Unit 1: Specification Contract Testing

Description

Schema validation and contract enforcement for all markdown-based specifications.

Responsibilities

  • Validate `memory-bank.yaml` against JSON Schema
  • Enforce required sections in intent artifacts
  • Validate unit brief template compliance
  • Enforce bolt template structure
  • Run markdown linting for structure consistency

Components

| Component | File | Description | |-----------|------|-------------| | Schema Validator | `__tests__/unit/schema-validation/` | JSON Schema validation | | Intent Validator | `__tests__/unit/schema-validation/intent-schema.test.ts` | Intent structure checks | | Unit Validator | `__tests__/unit/schema-validation/unit-schema.test.ts` | Unit brief validation | | Markdown Linter | `.markdownlint.yaml` | Markdown structure rules |

Dependencies

  • JSON Schema library (Ajv)
  • markdownlint
  • remark-lint

---

Unit 2: CLI & Installer Testing

Description

Traditional testing for deterministic CLI commands and installer operations.

Responsibilities

  • Unit test installer components
  • Integration test slash commands
  • Snapshot test generated files
  • Property-based test Memory Bank operations

Components

| Component | File | Description | |-----------|------|-------------| | Installer Tests | `__tests__/unit/installers/` | Unit tests for installers | | CLI Integration | `__tests__/integration/cli/` | BATS command tests | | Snapshot Tests | `__tests__/unit/template-generation/` | Generated file snapshots | | Memory Bank Tests | `__tests__/integration/memory-bank/` | CRUD operation tests |

Dependencies

  • Jest/Vitest
  • BATS (Bash Automated Testing System)
  • Mock filesystem library

---

Unit 3: Agent Behavior Evaluation

Description

Non-deterministic testing for LLM-driven agent outputs using multiple evaluation strategies.

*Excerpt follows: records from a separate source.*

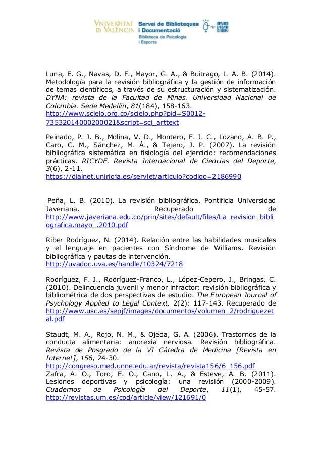 Ejemplo de revisión bibliográfica. Publicado el 22 de diciembre de 2016 por Marta Carrasquilla.Fecha de actualización: 8 de marzo de 2017. En los anteriores artículos de esta categoría, te hemos mostrado cómo se realiza y estructura una revisión bibliográfica paso a paso.. Es por eso que a continuación te queremos mostrar un ejemplo de una revisión bibliográfica al completo, donde.
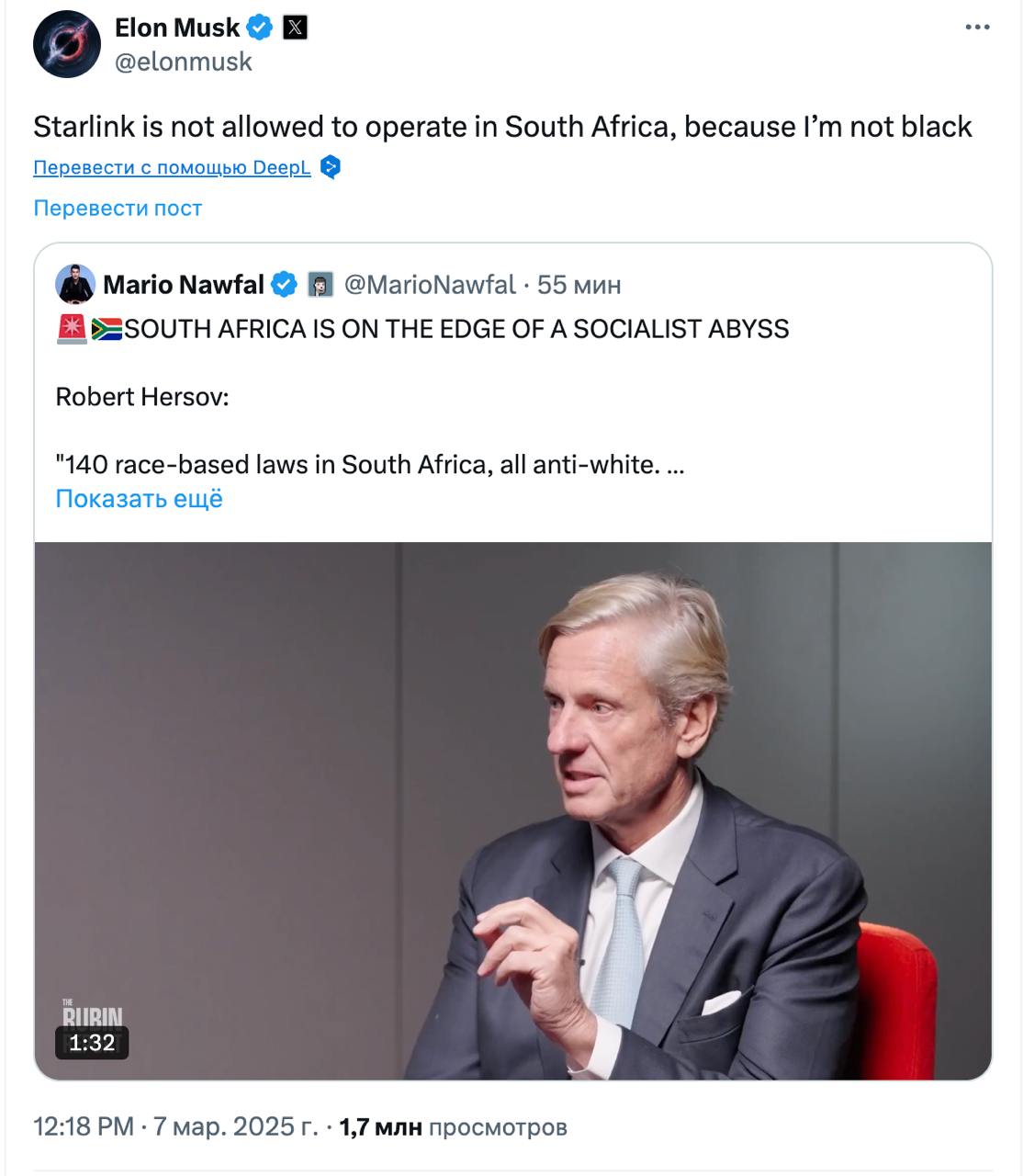 "Starlink не дозволено працювати у Південній Африці, бо я не чорний", - написав мільярдер.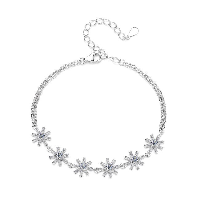 Bracelet - Double Layer Eight-Pointed Star Moissanite Sterling Silver Chain Bracelet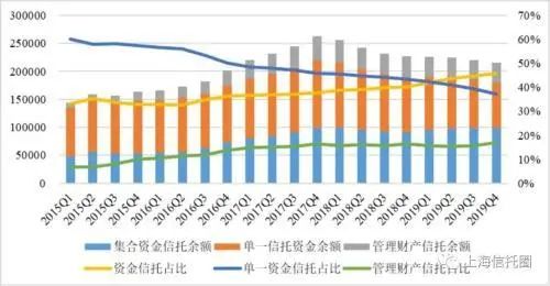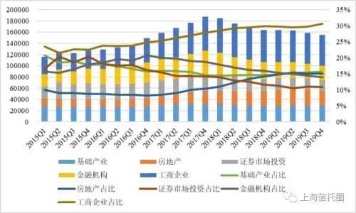 从2019年2季度开始,集合资金信托占比就已经超过单一资金信托,成为最主要的资金来源。

**See**: `memory-bank/research/test_strategy/promptfoo-tutorial.md` for Promptfoo configuration and assertions.

Responsibilities

  • Mock LLM responses for deterministic CI runs
  • Evaluate outputs via LLM-as-judge
  • Compute semantic similarity against golden examples
  • Assert behavioral properties (not exact matches)
  • Handle test flakiness from non-determinism

Components

| Component | File | Description | |-----------|------|-------------| | **Promptfoo Config** | `promptfoo.yaml` | Declarative test configuration | | Mock Responses | `__tests__/fixtures/mock-responses/` | Recorded LLM outputs | | LLM Judge Rubrics | `__tests__/evaluation/rubrics/` | Evaluation criteria | | Semantic Similarity | `__tests__/evaluation/` | Embedding comparison | | Behavioral Assertions | `__tests__/e2e/` | Property-based checks |

Dependencies

  • **Promptfoo** (primary evaluation framework)
  • **OpenRouter** (LLM-as-judge provider, free tier)
  • `x-ai/grok-4.1-fast:free` - Coding agents (2M context)
  • `qwen/qwen3-coder:free` - Code-specialized
  • vcrpy/responses for mocking

Evaluation Rubrics

| Rubric | File | Criteria | |--------|------|----------| | Intent Quality | `rubrics/intent-quality.yaml` | Completeness, clarity, testability | | Unit Completeness | `rubrics/unit-completeness.yaml` | Required sections, dependencies | | Bolt Validity | `rubrics/bolt-validity.yaml` | Stage definitions, acceptance criteria |

---

Unit 4: Golden Dataset Management

Description

Curated test cases with known-good outputs for regression testing.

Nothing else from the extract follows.